In the summer I will be teaching a course in (plane) Euclidean geometry to future high school teachers and I am looking for a suitable axiom system (unlike College (Euclidean) geometry textbook recommendations where books are discussed).

Since the students should do a lot of ruler-and-compass constructions, I would like the axiom system to make the possibility of these constructions as obvious as possible (much like Birkhoff's system makes constructions with marked ruler and protractor natural). In particular, I would like to see easily (postulate?) that two circles intersect unless the triangle inequality says they don't (I think the proof would usually involve introducing coordinates and using the intermediate value theorem more or less explicitly). On the other hand I don't think I actually need completeness.

In algebraic terms I would like to axiomatize $K^2$ where $\mathbb{Q} < K < \mathbb{R}$ and $K$ is quadratically closed.

So the questions are:

  1. Is there a good reference for such an axiom system?
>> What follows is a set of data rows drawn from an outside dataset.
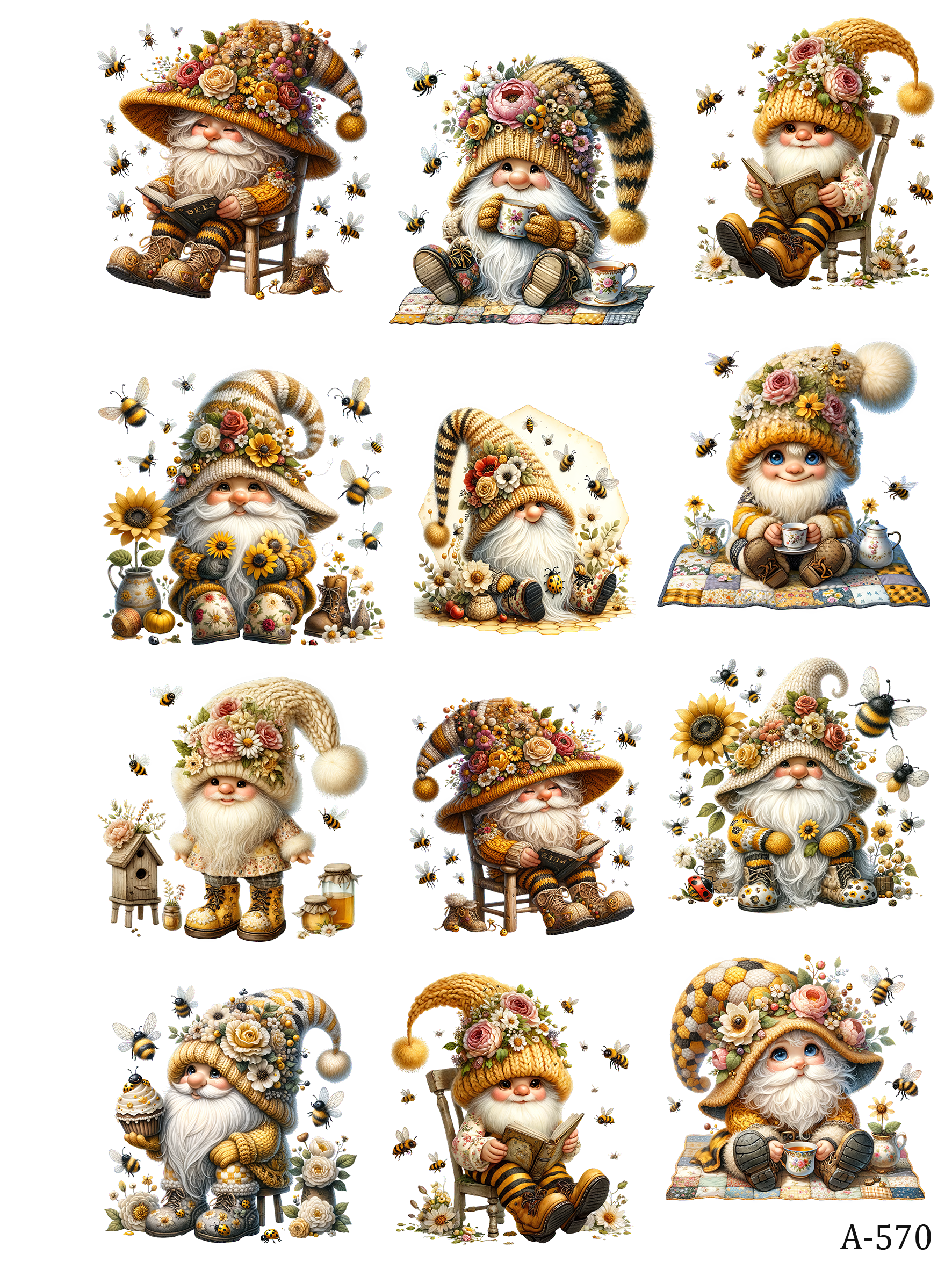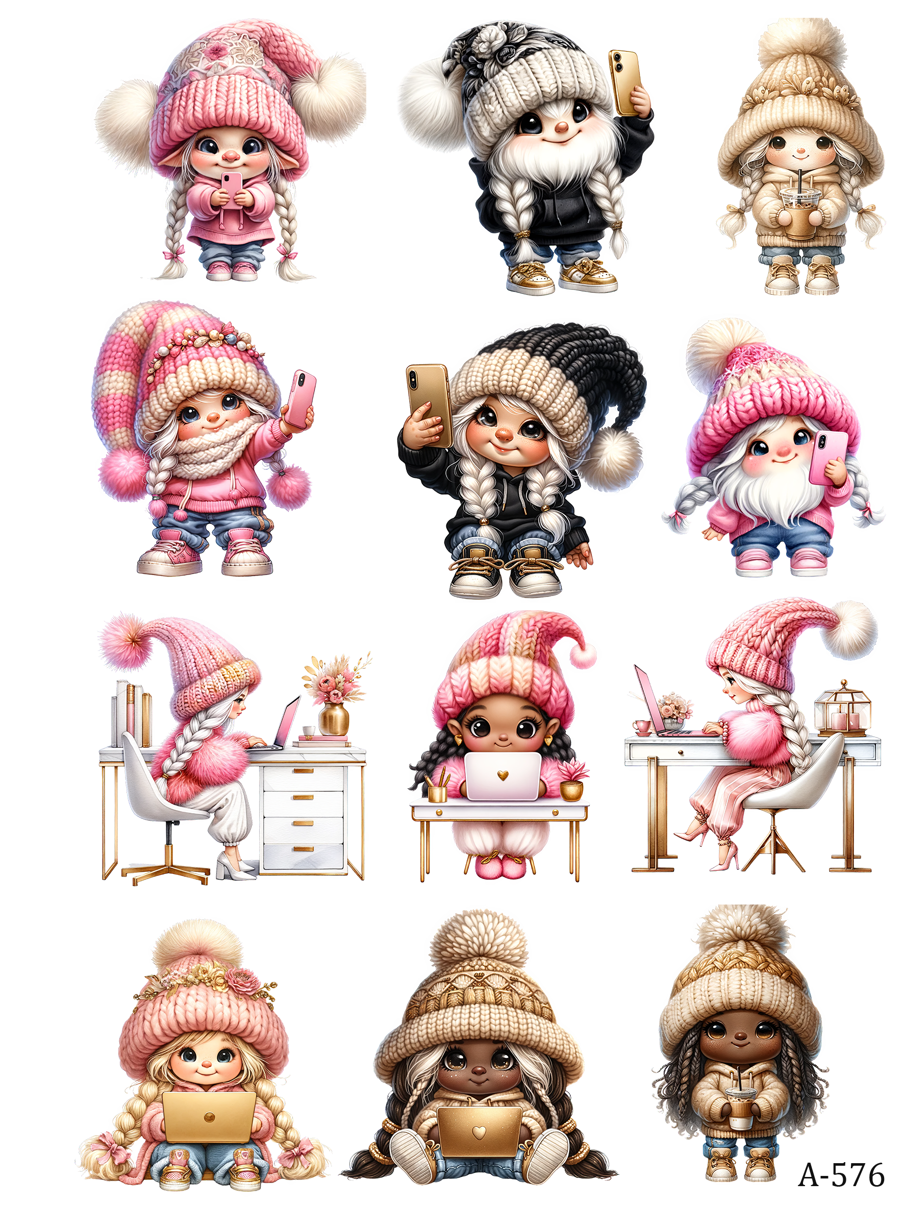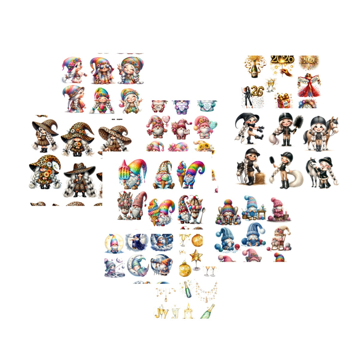 Gnomes embossed stickers bundle for journal scrapbook(20pcs + free holder)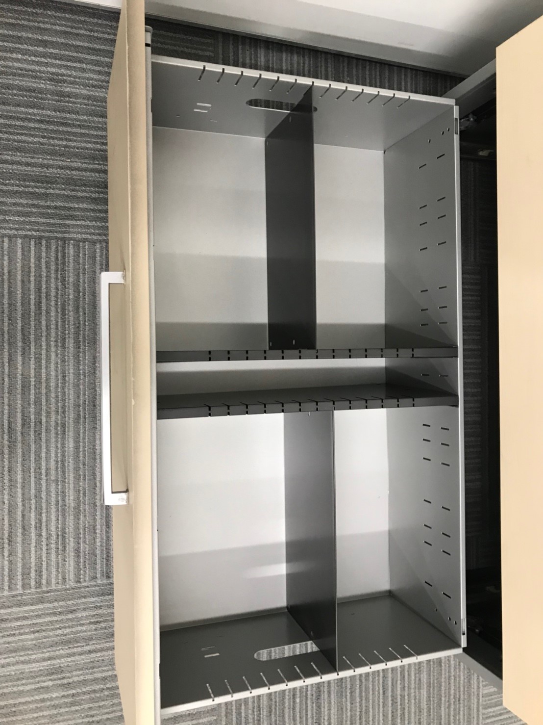- 一部不具合ありそ引出の開閉不可、施錠不可、棚板無しといったの書庫の本来の効用を果たすための機能以外の一部が使用不可(例、扉、引出の開閉がしづらいなどがある。 )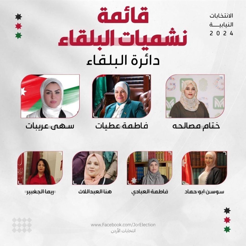 يذكر بان قائمة “نشميات البلقاء تضم فقط العنصر النسائي لخوض الانتخابات النيابية المقبلة عن المحافظة.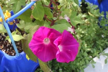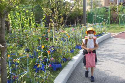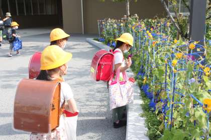 登校してきた子たちの目を楽しませてくれるアサガオ。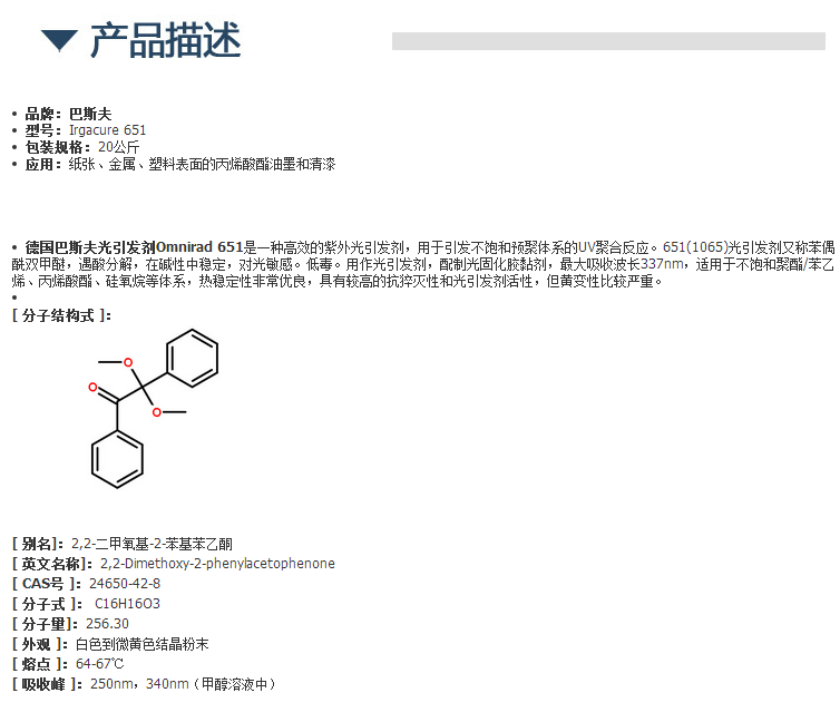 原装进口巴斯夫(BASF)光引发剂651(IRGACURE 651)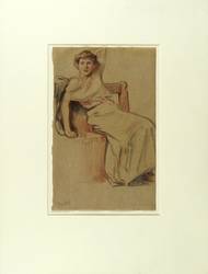 Um 1910. Zeichnung / Kreidezeichnung, in Rötel und Schwarz, auf braunem Papier. – Originale Künstlergrafik, von Ludwig von Hofmann. – Unikat. – 37,5 x 22,7 cm (Darstellung / Blatt), 63 x 48 cm (Passepartout).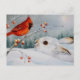 Snowshoe Rabbit & Red Cardinal Bird Watercolor Art Postcard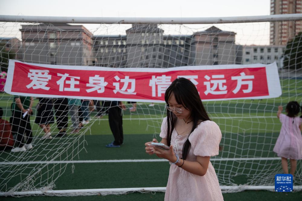 8月9日,在五常市時(shí)代中學(xué)集中安置點(diǎn),一位女士與朋友通過(guò)手機聯(lián)系。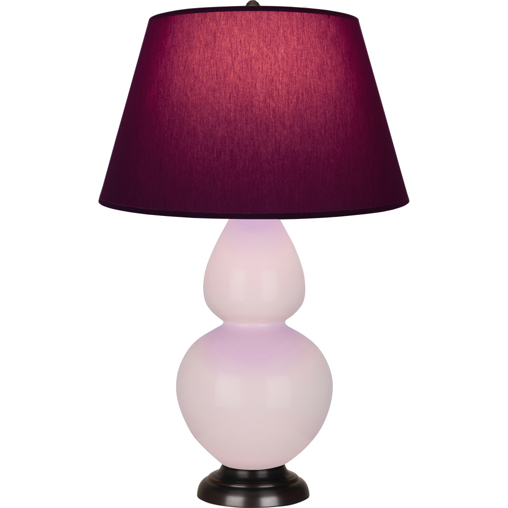 Rose Water Glazed Ceramic with Deep Patina Bronze Finished Accents Double Gourd Table Lamp with Plum Fabric Shade with Lavender Lining - Our Double Gourd collection features a simple but gracefully curving silhouette. Available in a wide array of vibrant colors and several different base finishes.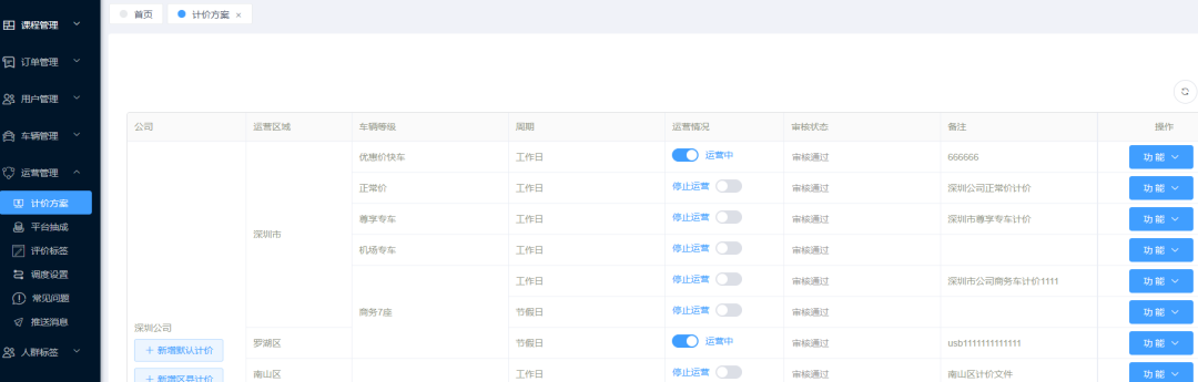 2:根據(jù)運(yùn)營城市和區(qū)域設(shè)置計(jì)價(jià)和抽成模式。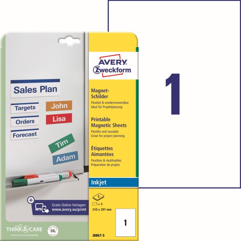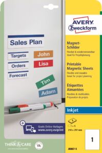 Potisknutelné magnetické štítky Avery Zweckform J8867-5 pro jednoduché a flexibilní označování kovových regálů, magnetických tabulí apod. Vytvořte a vytiskněte si vlastní magnetické štítky během několika minut, za pomoci svého počítače a tiskárny. Díky mikroperforaci lze od sebe jednotlivé štítky velice snadno oddělit a lze je libovolně přemisťovat a opětovně používat. Bílé magnetické etikety Avery J8867-5 jsou vhodné pro všechny běžné inkoustové tiskárny a hodí se i pro psaní, resp. ruční popis.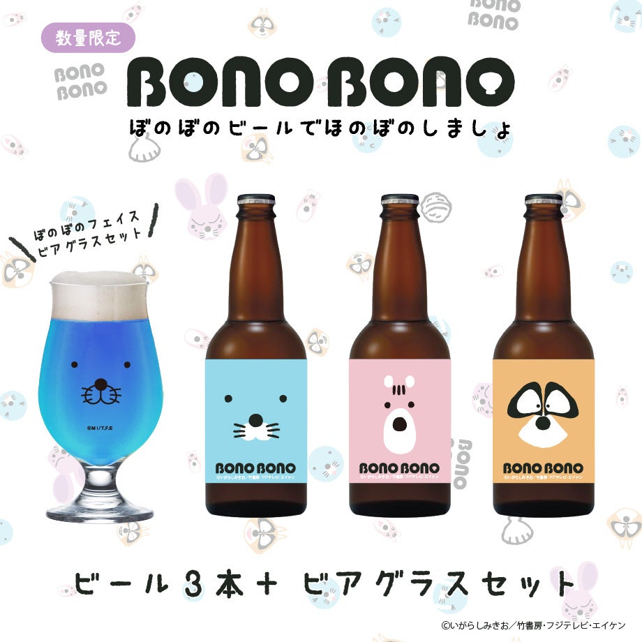 『ぼのぼの』のキャラクターをイメージした3色のクラフトビールと、

Is it safe to replace the completeness axiom by "two circles intersect unless they obviously don't" in an appropriate system? [Of course, to say "they obviously don't" I need the axiom system to be based on metric rather than in-betweenness, which is fine with me.]
  2. Is there any need for completeness when doing basic Euclidean geometry?

[One statement I can think of that does need completeness is: any finite set of points is contained in a unique minimal disc. But the proof uses completeness explicitly and thus is beyond high school teachers anyway.]

Edit: when I say "circle" I should of course say "circle whose radius is a distance of two points", since, for example, a circle with transcendental radius in $\bar{Q}^2$ is empty.


3 Answers 3


Have a look at Hartshorne's Geometry: Euclid and Beyond. He uses Hilbert's axioms for geometry and discusses (section 11) the following "circle-circle intersection axiom (E)":

Given two circles $\Gamma,\Delta$, if $\Delta$ contains at least one point inside $\Gamma$, and $\Delta$ contains at least one point outside $\Gamma$, then $\Gamma$ and $\Delta$ will meet.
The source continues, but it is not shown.